The model configuration, which includes the learner, predictor, training configuration, and prediction configuration.

required

Examples:

>>> import lightgbm as lgb
>>> from sklearn.datasets import make_regression
>>> from sklearn.metrics import r2_score
>>> from sklearn.model_selection import train_test_split
>>> from factrainer.core import SingleModelContainer
>>> from factrainer.lightgbm import LgbDataset, LgbModelConfig, LgbTrainConfig
>>>
>>> # Load data
>>> X, y = make_regression()
>>> train_X, test_X, train_y, test_y = train_test_split(
...     X, y, test_size=0.2, random_state=1
... )
>>>
>>> # Create datasets
>>> train_dataset = LgbDataset(dataset=lgb.Dataset(train_X, train_y))
>>> val_dataset = LgbDataset(dataset=lgb.Dataset(test_X, test_y))
>>> test_dataset = LgbDataset(dataset=lgb.Dataset(test_X, test_y))
>>>
>>> # Configure model
>>> config = LgbModelConfig.create(
...     train_config=LgbTrainConfig(
...         params={
...             "objective": "regression",
...             "seed": 1,
...             "deterministic": True,
...             "verbose": -1,
...         },
...         callbacks=[lgb.early_stopping(100, verbose=False)],
...     ),
... )
>>>
>>> # Create and train model
>>> model = SingleModelContainer(config)
>>> model.train(train_dataset, val_dataset)
>>>
>>> # Make predictions
>>> y_pred = model.predict(test_dataset)
>>>
>>> # Evaluate predictions
>>> metric = model.evaluate(test_y, y_pred, r2_score)

Attributes

raw_model property

raw_model: U

Get the trained raw model.

Returns:

Type Description
U

The trained model as a RawModel object.

train_config property writable

train_config: V

Get the training configuration.

Returns:

Type Description
V

The training configuration.

pred_config property writable

pred_config: W

Get the prediction configuration.

Returns:

Type Description
W

The prediction configuration.

Functions

train

train(
    train_dataset: T, val_dataset: T | None = None
) -> None

Train the model. The trained model can be accessed through the raw_model property.

Parameters:

Name Type Description Default
train_dataset T

The training dataset.

required
val_dataset T | None

The validation dataset if needed.

None

Returns:

Type Description
None

predict

predict(pred_dataset: T) -> Prediction

Make predictions using the trained model.

Parameters:

Name Type Description Default
pred_dataset T

The test dataset.

required

Returns:

Type Description
Prediction

The predictions as a NumPy array.

evaluate

evaluate(
    y_true: Target,
    y_pred: Prediction,
    eval_func: EvalFunc[X],
) -> X

Evaluate the model's predictions against true values.

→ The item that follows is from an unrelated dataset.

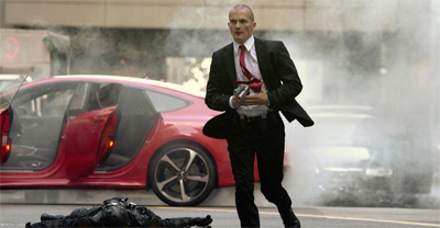 (Indeed, it is fun to imagine Hitman: Agent 47 as a video game. An early “level” uses strobe lighting to crew effect; various sequences where the characters get out of tight situations look like they should have “press the ‘x’ button” appearing in the corner of the screen. There is a car chase; much is made of setting traps and exploiting the environment. One sequence in the middle of Singapore finds the heroes assailed on all sides by waves of enemies, looking like the perfect closed-off “time trial” or “challenge” level.)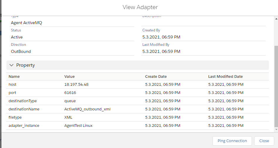 Configure Agent RabbitMQ CSV Inbound Adapter: you need to enter adapter properties base on system requirement and Select Connection Destination (Example:Agent LINUX).

This method evaluates predictions from a single trained model, typically on a held-out test set or validation set.

Parameters:

Name Type Description Default
y_true Target

The true target values as a NumPy array.

required
y_pred Prediction

The predicted values as a NumPy array. Must have the same shape as y_true.

required
eval_func EvalFunc[X]

The evaluation function that takes (y_true, y_pred) and returns a metric. Common examples include sklearn.metrics functions like r2_score, mae, etc.

required

Returns:

Type Description
X

The evaluation score of type X, as returned by eval_func.

Raises:

Type Description
ValueError

If y_true or y_pred are not NumPy arrays.